| INFORMATION SHOWN |
==================================================

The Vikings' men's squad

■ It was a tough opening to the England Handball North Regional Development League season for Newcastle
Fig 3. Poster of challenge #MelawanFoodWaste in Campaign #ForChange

==================================================

| TASK PROMPT |
The required output is the exact sequence of lines from the one containing "season for Newcastle" through the end of the listing, both endpoints included.

| SOLUTION TO THIS EXERCISE |
■ It was a tough opening to the England Handball North Regional Development League season for Newcastle
Fig 3. Poster of challenge #MelawanFoodWaste in Campaign #ForChange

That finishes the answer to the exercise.